Notes

Here are some useful links: repo, submission process

Highlights

The objective of this paper is to develop a self-supervised learning paradigm which can learn cross-modal domain knowledge (vision and language) from medical data.
The self-supervised strategy is based on the reconstruction of missing pixels (vision) and text labels (language) from randomly masked images and texts.
The evaluation is based on a medical vision-and-language benchmark which includes three tasks.

Motivations

Medical vision-and-language pre-training (Med-VLP) aims to learn generic representations from large-scale medical image-text data
This representation can be transferred to various tasks relevant for medical vision-and-language analysis, such as visual question answering, image-text classification, image-text retrieval (the corresponding definitions are given below)

Method

Architecture

Key aspects

Use of transformers to encode image and language features
Use of transformers to perform multi-modal fusion
Use of a transformer to decode the image and a simple MLP to decode the text
pre-training is performed using medical image-text pairs
Masks random patches of the input image and random tokens of the input text and reconstructs the missing pixels and tokens

this makes pre-training a self-supervised process
Uses different masking rates for input images and text due to the different information densities of vision and language

Formalism

Loss function

\[\theta^{*},\theta_1^{*},\theta_2^{*}=\arg \min_{\theta,\theta_1,\theta_2} \sum_{s=1}^{2} L_s\left( Y_s,D_{\theta_s} \left( M_{\theta}(I,T) \right) \right)\]

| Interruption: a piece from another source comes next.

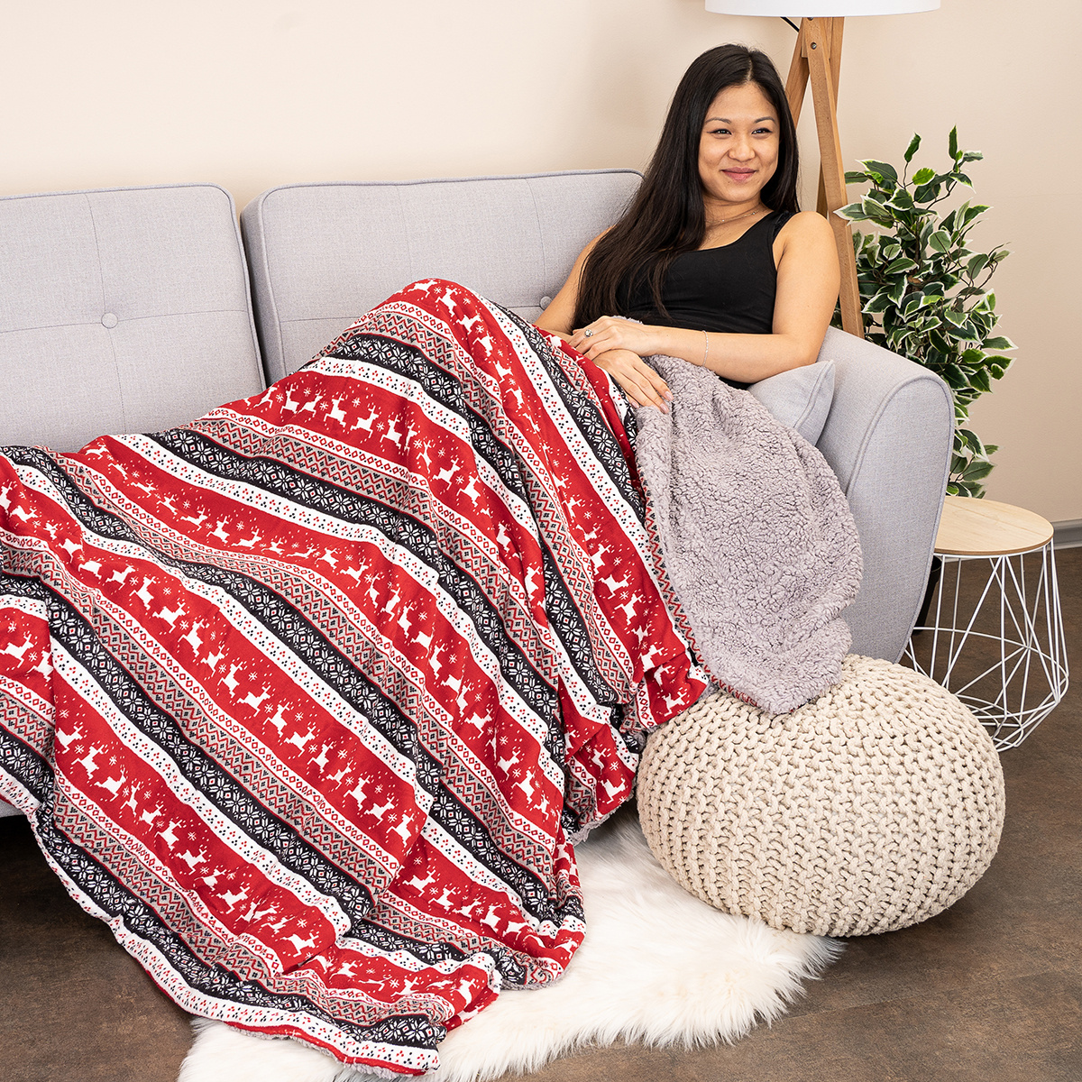 Dokonalá mäkkosť a najpohodlnejší odpočinok – to je baránková deka s veselými sobmi. Obľúbený nórsky vzor elegantne kombinuje vínovú a sivú farbu, ktorá spolu s originálnym motívom sobov prežiari chladné dni a nedá šancu chmúrnej …

\(L_s\) are the loss functions of pretext tasks, i.e MSE between the reconstructed and original images and the negative log-likelihood for the masked tokens
\(D_{\theta_s}\) are the decoders with their parameters \(\theta_1\), \(\theta_2\)
\(M_{\theta}\) is the backbone model with its parameters \(\theta\).

Vision encoder

\[X^{\nu} \in \mathbb{R}^{(N+1) \times D} \,=\, \left[ p_I; p_1 E^{\nu}; \cdots; p_N E^{\nu} \right]\,+\,E^{\nu}_{pos}\]

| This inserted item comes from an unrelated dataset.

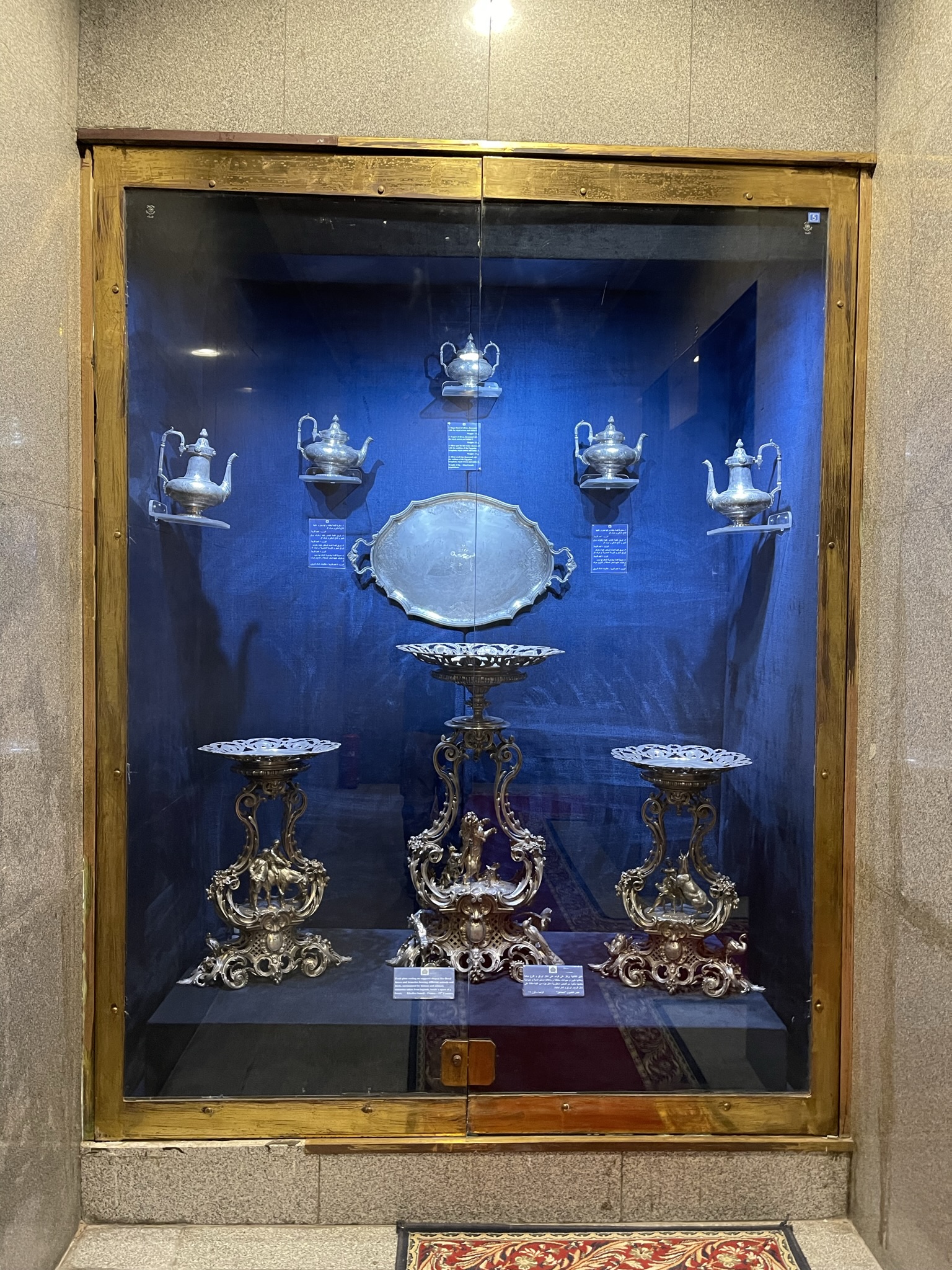The third museum I visited was the Private Acquisition, Medals, and Decorations Museum, which showcased arms, instruments, silverware, porcelain boxes, pens, radios, jewelry boxes, and many more everyday items. One artifact that I enjoyed was the Sword of Justice and Coronation, which boasted a grip made of gold and ordained with several precious and semi-precious stones. There was a mirror positioned underneath the sword, which allowed me to view its majesticness from all angles. The sword was once owned by Russian emperors during the 17th century and was later acquired by King Farouk from a European auction in 1947 for a sum of 11,000 English pounds.

Each image \(I \in \mathbb{R}^{H \times W \times C}\) is divided into \(N\) patches \(\{ p_1,\cdots,p_N \}\)
\(E^{\nu} \in \mathbb{R}^{P^2 \times D}\) is the projection matrix into the patch embeddings
\(p_I \in \mathbb{R}^{D}\) is used for the aggregation of visual information
\(X^{\nu}\) is fed into a transformer model with \(N_{\nu}\) transformer blocks to obtain the contextualized image representation \(H^{\nu} \in \mathbb{R}^{(N+1) \times D} \,=\, \left[ h^{\nu}_I; h^{\nu}_1; \cdots; h^{\nu}_N \right]\)

Language encoder

\[X^{l} \in \mathbb{R}^{(M+2) \times D} \,=\, \left[ w_T; w_1 E^{l}; \cdots; w_M E^{l}; w_{SEP} \right]\,+\,E^{l}_{pos}\]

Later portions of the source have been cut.